* _WORK INSTRUCTIONS_
In the material below, the lines between the one holding "Transparante kinderparaplu met" and the one holding "Sparkly Bodice Spaghetti", inclusive, are to be set down word for word. Pictures stay out.

* _INPUT DATA_
■ ■ ■

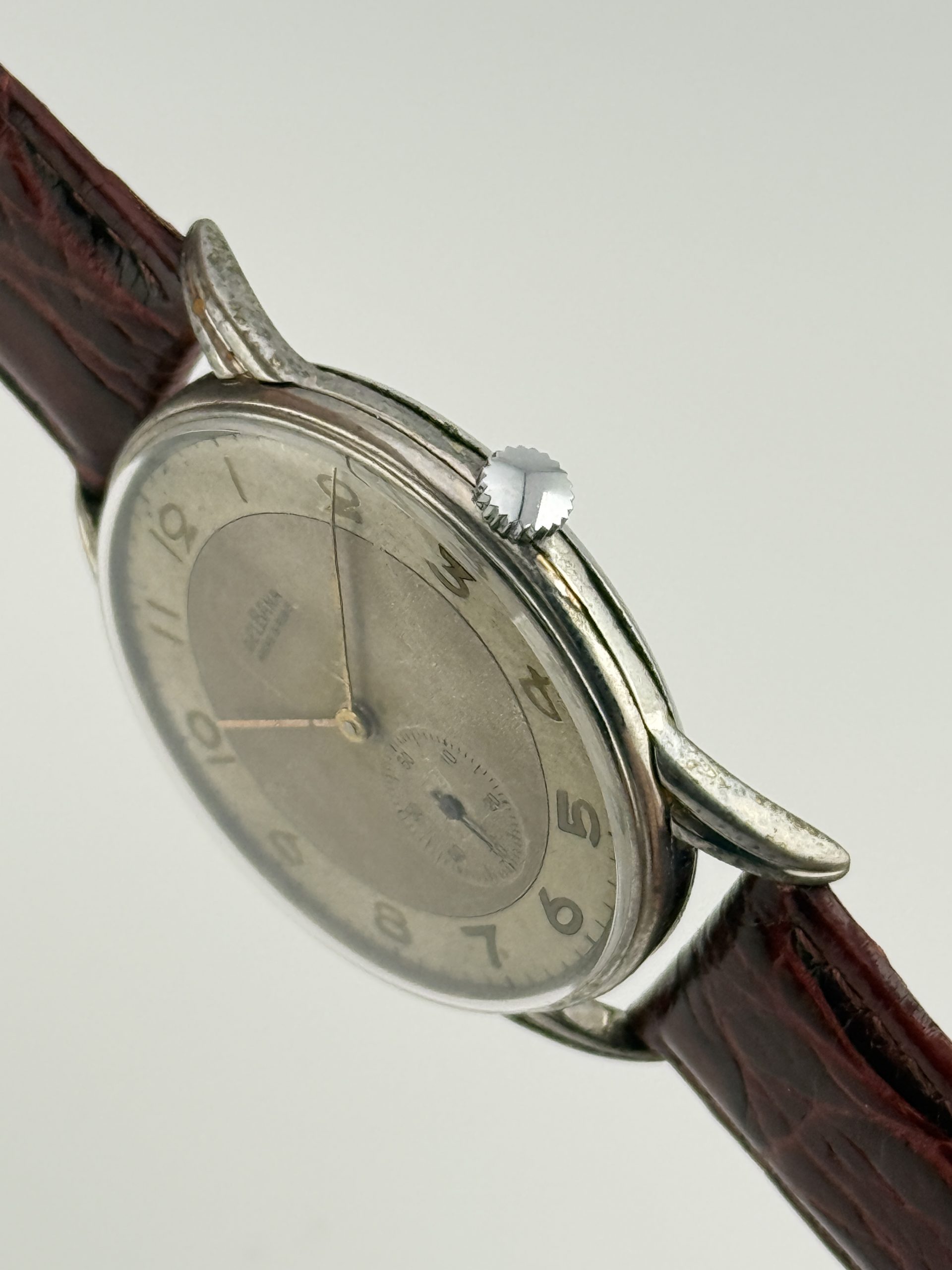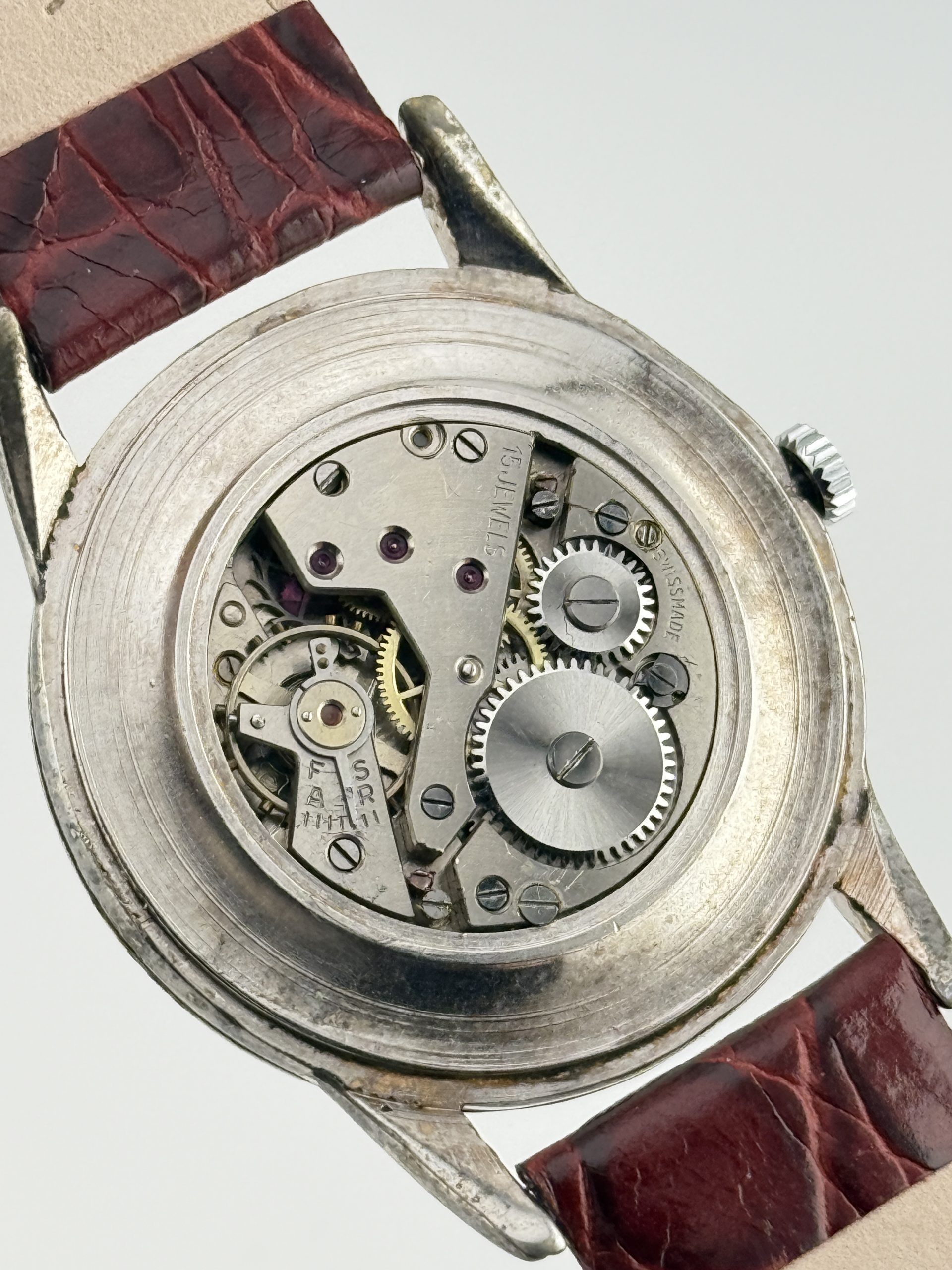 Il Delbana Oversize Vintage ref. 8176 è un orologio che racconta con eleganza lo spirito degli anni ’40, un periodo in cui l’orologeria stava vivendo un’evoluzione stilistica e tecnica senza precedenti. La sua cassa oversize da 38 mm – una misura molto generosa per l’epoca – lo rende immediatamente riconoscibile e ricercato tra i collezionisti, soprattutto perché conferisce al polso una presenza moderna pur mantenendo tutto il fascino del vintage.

■ ■ ■

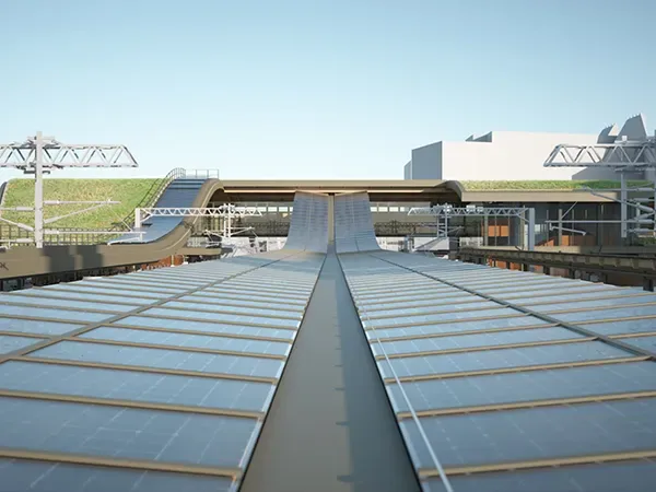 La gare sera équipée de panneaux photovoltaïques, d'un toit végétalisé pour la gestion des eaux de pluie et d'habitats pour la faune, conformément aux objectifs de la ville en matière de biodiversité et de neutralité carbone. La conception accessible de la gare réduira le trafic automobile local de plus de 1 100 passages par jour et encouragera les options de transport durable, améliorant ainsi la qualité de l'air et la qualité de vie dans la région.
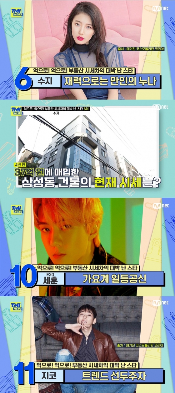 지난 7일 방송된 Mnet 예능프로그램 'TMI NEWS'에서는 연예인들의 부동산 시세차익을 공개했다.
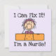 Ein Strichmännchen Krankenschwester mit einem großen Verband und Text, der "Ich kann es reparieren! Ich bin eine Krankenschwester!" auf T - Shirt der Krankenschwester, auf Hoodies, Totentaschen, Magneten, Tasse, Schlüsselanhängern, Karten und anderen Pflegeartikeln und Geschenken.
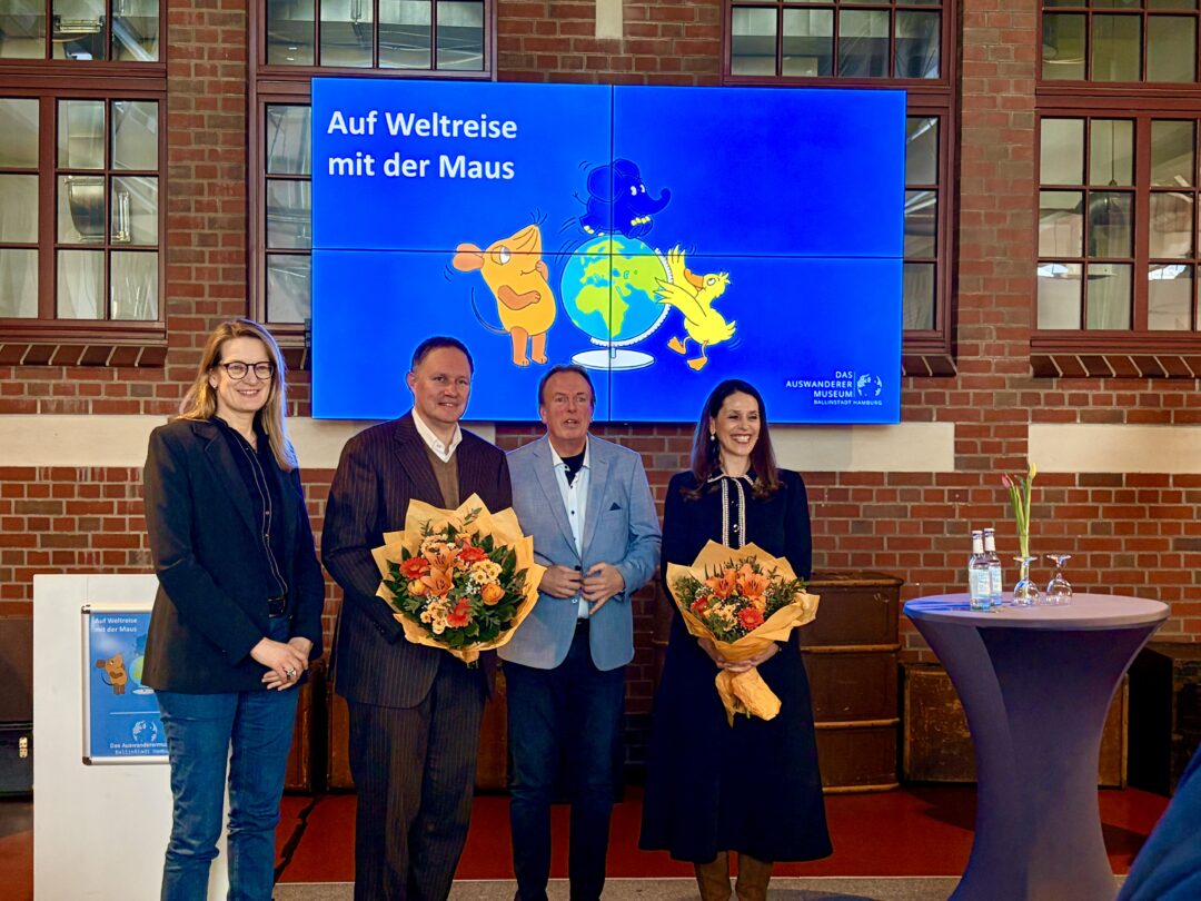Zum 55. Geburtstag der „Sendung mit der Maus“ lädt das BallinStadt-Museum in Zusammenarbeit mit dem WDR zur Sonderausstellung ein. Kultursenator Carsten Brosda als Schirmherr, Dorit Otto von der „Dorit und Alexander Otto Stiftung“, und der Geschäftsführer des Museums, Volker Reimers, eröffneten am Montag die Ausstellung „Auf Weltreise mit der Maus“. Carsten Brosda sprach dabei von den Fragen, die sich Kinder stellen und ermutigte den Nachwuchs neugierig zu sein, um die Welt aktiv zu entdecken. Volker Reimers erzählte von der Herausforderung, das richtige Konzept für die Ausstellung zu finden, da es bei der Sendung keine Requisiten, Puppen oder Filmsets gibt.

■ ■ ■

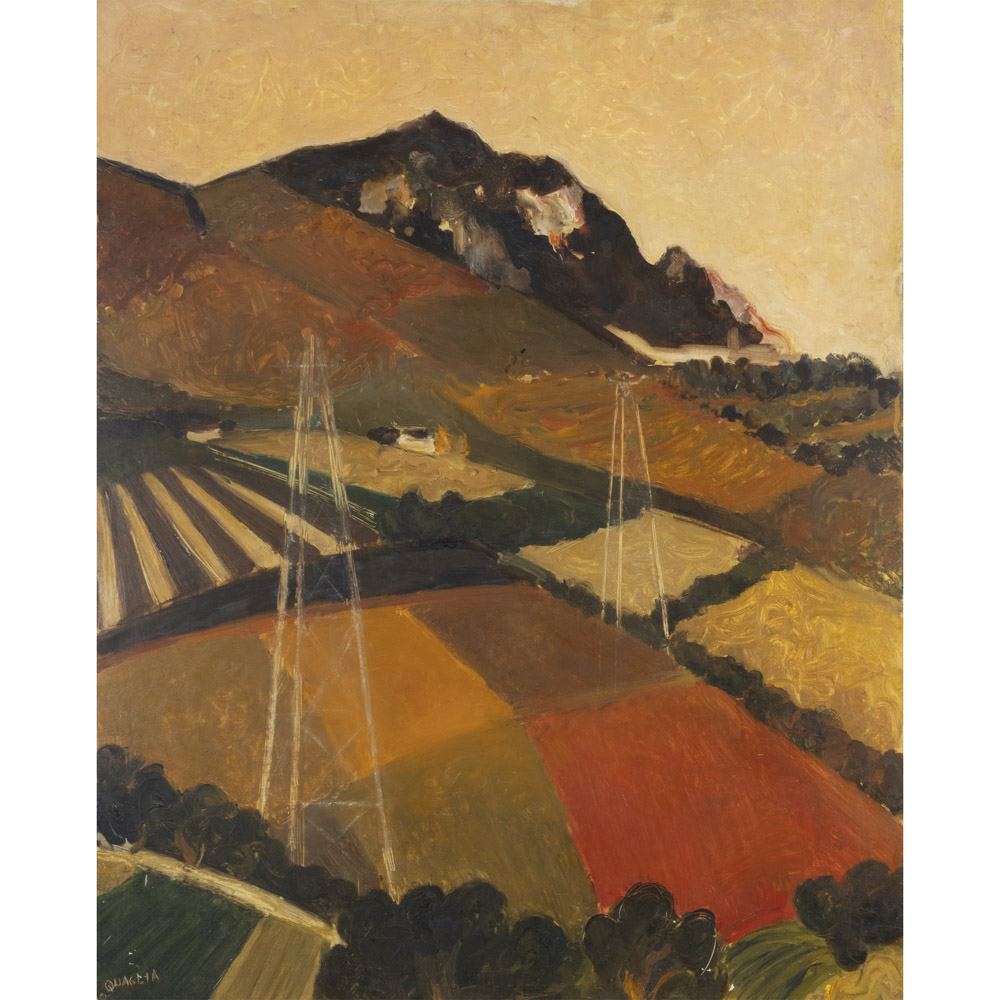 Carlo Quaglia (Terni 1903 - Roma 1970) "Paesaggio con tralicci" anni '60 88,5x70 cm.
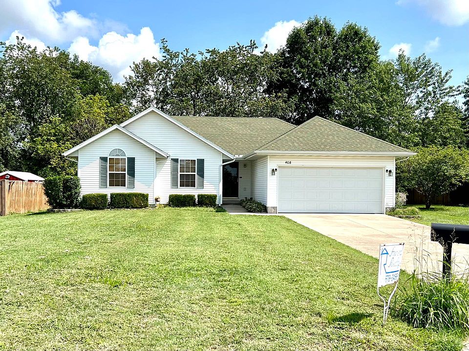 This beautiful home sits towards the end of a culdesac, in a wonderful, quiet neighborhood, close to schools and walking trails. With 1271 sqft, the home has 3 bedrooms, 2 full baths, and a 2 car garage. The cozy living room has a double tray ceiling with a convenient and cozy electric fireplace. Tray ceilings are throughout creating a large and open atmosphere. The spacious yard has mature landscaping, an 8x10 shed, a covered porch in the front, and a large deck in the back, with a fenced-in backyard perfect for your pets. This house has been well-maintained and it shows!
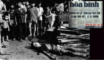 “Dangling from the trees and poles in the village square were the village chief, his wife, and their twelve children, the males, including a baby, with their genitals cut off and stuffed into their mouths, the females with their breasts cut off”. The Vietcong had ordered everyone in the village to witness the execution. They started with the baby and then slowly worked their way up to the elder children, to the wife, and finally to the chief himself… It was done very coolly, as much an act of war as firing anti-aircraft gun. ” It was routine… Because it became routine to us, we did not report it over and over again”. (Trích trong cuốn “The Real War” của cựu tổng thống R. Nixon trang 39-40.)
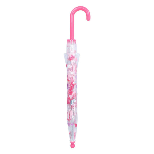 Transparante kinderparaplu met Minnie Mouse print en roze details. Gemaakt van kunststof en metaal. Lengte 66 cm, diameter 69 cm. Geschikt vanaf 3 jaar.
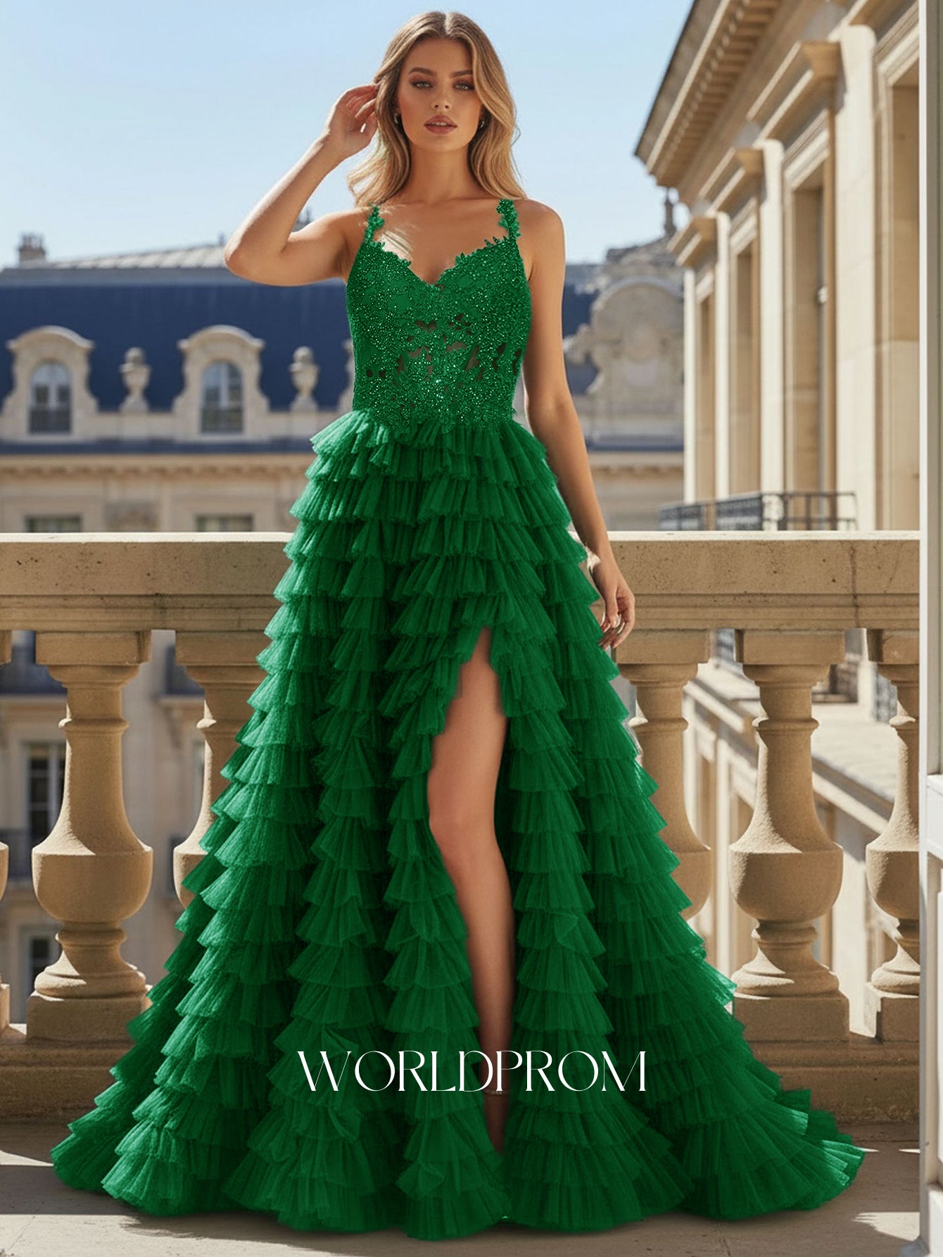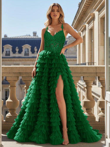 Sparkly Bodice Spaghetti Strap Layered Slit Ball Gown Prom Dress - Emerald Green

■ ■ ■

* _SOLUTION FOR THIS EXERCISE_
 Transparante kinderparaplu met Minnie Mouse print en roze details. Gemaakt van kunststof en metaal. Lengte 66 cm, diameter 69 cm. Geschikt vanaf 3 jaar.
 Sparkly Bodice Spaghetti Strap Layered Slit Ball Gown Prom Dress - Emerald Green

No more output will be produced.